Repeat colonoscopy after a colonoscopy with a negative result in Ontario: a population-based cohort study.

Author information

1
Institute for Clinical Evaluative Sciences, Toronto, Ont. ; Department of Gastroenterology and Hepatology, Erasmus University Medical Centre, Rotterdam, the Netherlands.
2
Institute for Clinical Evaluative Sciences, Toronto, Ont. ; Dalla Lana School of Public Health, University of Toronto, Toronto, Ont.
3
Institute for Clinical Evaluative Sciences, Toronto, Ont. ; Department of Surgery and Li Ka Shing Research Institute, St.

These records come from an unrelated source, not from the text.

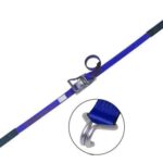 ALLSAFEラッシングナローフック(Jフック)固定1m×7m。青いトラックベルトで荷物をしっかり固定。耐久性が高く、運搬や荷役時の安全対策に最適。車両固定バンドとして使用可能。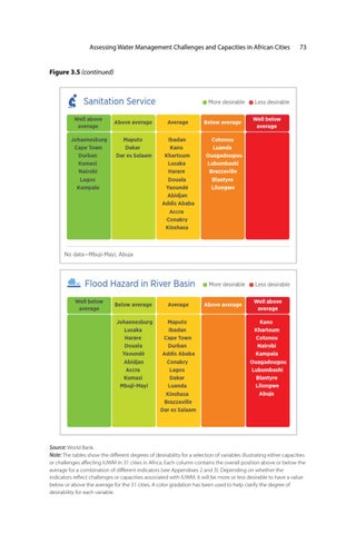 Source: World Bank. Note: The tables show the different degrees of desirability for a selection of variables illustrating either capacities or challenges affecting IUWM in 31 cities in Africa. Each column contains the overall position above or below the average for a combination of different indicators (see Appendixes 2 and 3). Depending on whether the indicators reflect challenges or capacities associated with IUWM, it will be more or less desirable to have a value below or above the average for the 31 cities. A color gradation has been used to help clarify the degree of desirability for each variable.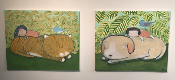또한 동물들과 함께하는 ‘낮잠’, ‘꽃 세 송이’, ‘단잠’, ‘허그 ’등의 작업은 모든 생명체의 작은 목소리에 귀 기울여 가족의 일원으로 서로 고독과 외로움, 상처를 치유하고 삶의 큰 낙이 되고 의지가 되는 관계와 교감을 통해 희생과 사랑, 배려와 관계에 대한 작가적 성찰을 담고 있다.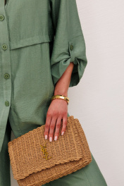 Костюм брючный из струящейся натуральной ткани- отличный вариант для повседневной носкив летнюю погоду.Рубашка и брюки имеют прямой свободный силуэт, подходит для дам" с формами".Рубашка прямого силуэта с планкой по переду и застежкой на петли и пуговицы.По переду имеются горизонтальныескладки для красоты изделия.Рукав 3/4 который собирается на кулису и пуговицы.Брюки прямые длинные со швом по центру передних полотнищ.Застежка брюк на гульфик с пеллей и пуговицей.Также на спинке брюк имеется резинка для хорошей посадки на фигуре и удобства. Жакет 71/59, брюки 107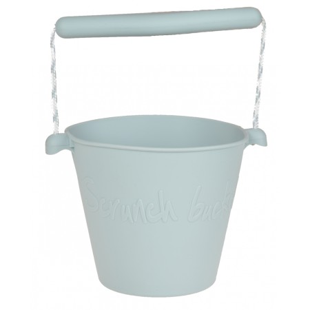 Scrunch Bucket błękitne składane wiaderko do wody i piasku o pojemności 1,5 l. Lekkie, elastyczne, wykonane z bezpiecznego silikonu, idealne na plażę i do domu. Łatwe do przechowywania i czyszczenia.
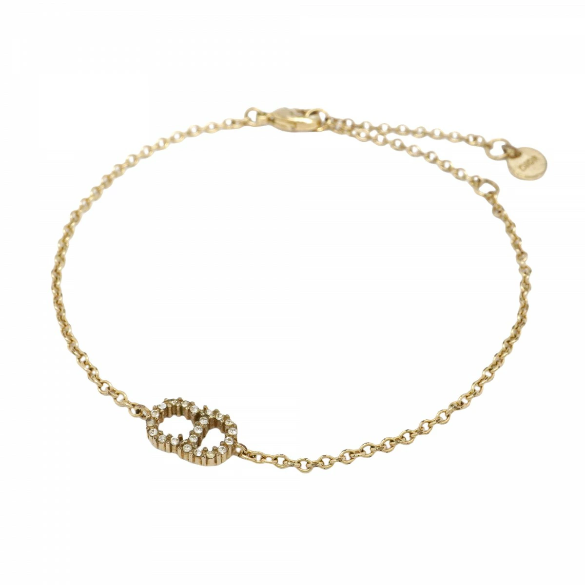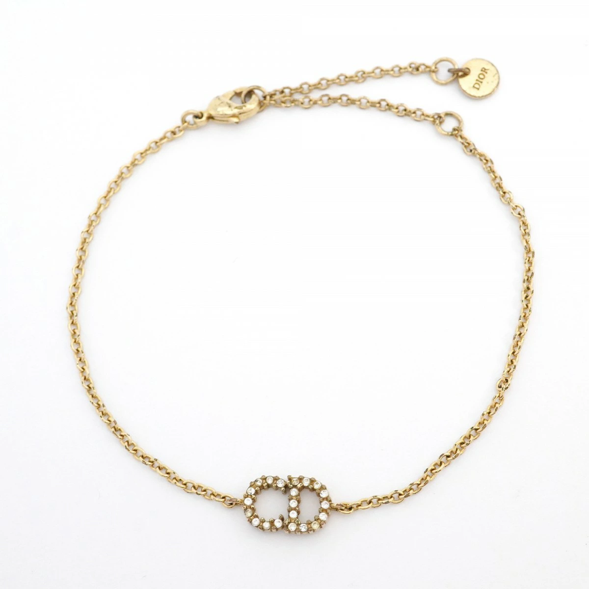 【5jpb0025】クリスチャンディオール ブレスレット CDロゴ GPメッキ ラインストーン ゴールド【中古】レディース

Michael's Hospital, Toronto, Ont.
4
Institute for Clinical Evaluative Sciences, Toronto, Ont. ; Prevention and Cancer Control, Cancer Care Ontario, Toronto, Ont.
5
Institute for Clinical Evaluative Sciences, Toronto, Ont. ; Sunnybrook Health Sciences Centre, Toronto, Ont.

Abstract

BACKGROUND:

Data suggest the overuse of repeat colonoscopies, especially in patients at low risk for colorectal cancer. Our objective was to evaluate the time to repeat colonoscopies in low-risk patients aged 50-79 years old and the associated patient- and endoscopist-related factors.

METHODS:

All patients aged 50-79 years of age who underwent a complete outpatient colonoscopy with a negative result between 2000 and 2007 were identified from the Ontario Health Insurance Plan database. A colonoscopy performed within 5.5 years of follow-up after the index colonoscopy was considered an early repeat colonoscopy. Patient, endoscopist and endoscopy setting characteristics were recorded and their association with an early repeat colonoscopy was determined using an extended Cox proportional hazards regression model.

RESULTS:

The cohort consisted of 546 467 patients: 55.4% of the patients were female with a mean age of 61.1 years (95% confidence interval [CI] 61.1-61.2). The cumulative percentage of early repeat colonoscopy after 5.5 years was 33.7%. The rate decreased significantly between 2000 and 2007 (hazard ratio [HR] 0.35, 95% CI 0.34-0.36). General surgeons were associated with a higher risk of early repeat colonoscopy than gastroenterologists (HR 1.27, 95% CI 1.25-1.28). Endoscopists practising in a nonhospital setting were more likely to perform an early repeat colonoscopy (HR 1.26, 95% CI 1.22-1.30) than endoscopists at a hospital.

INTERPRETATION:

This study showed that there was overuse of early repeat colonoscopy in more than 30% of patients who were at low risk for colorectal cancer. The risk decreased significantly between 2000 and 2007 but was still greater than 20% in 2007. Our findings can be used to develop targeted educational interventions among subgroups of endoscopists with a higher rate of early repeat colonoscopy.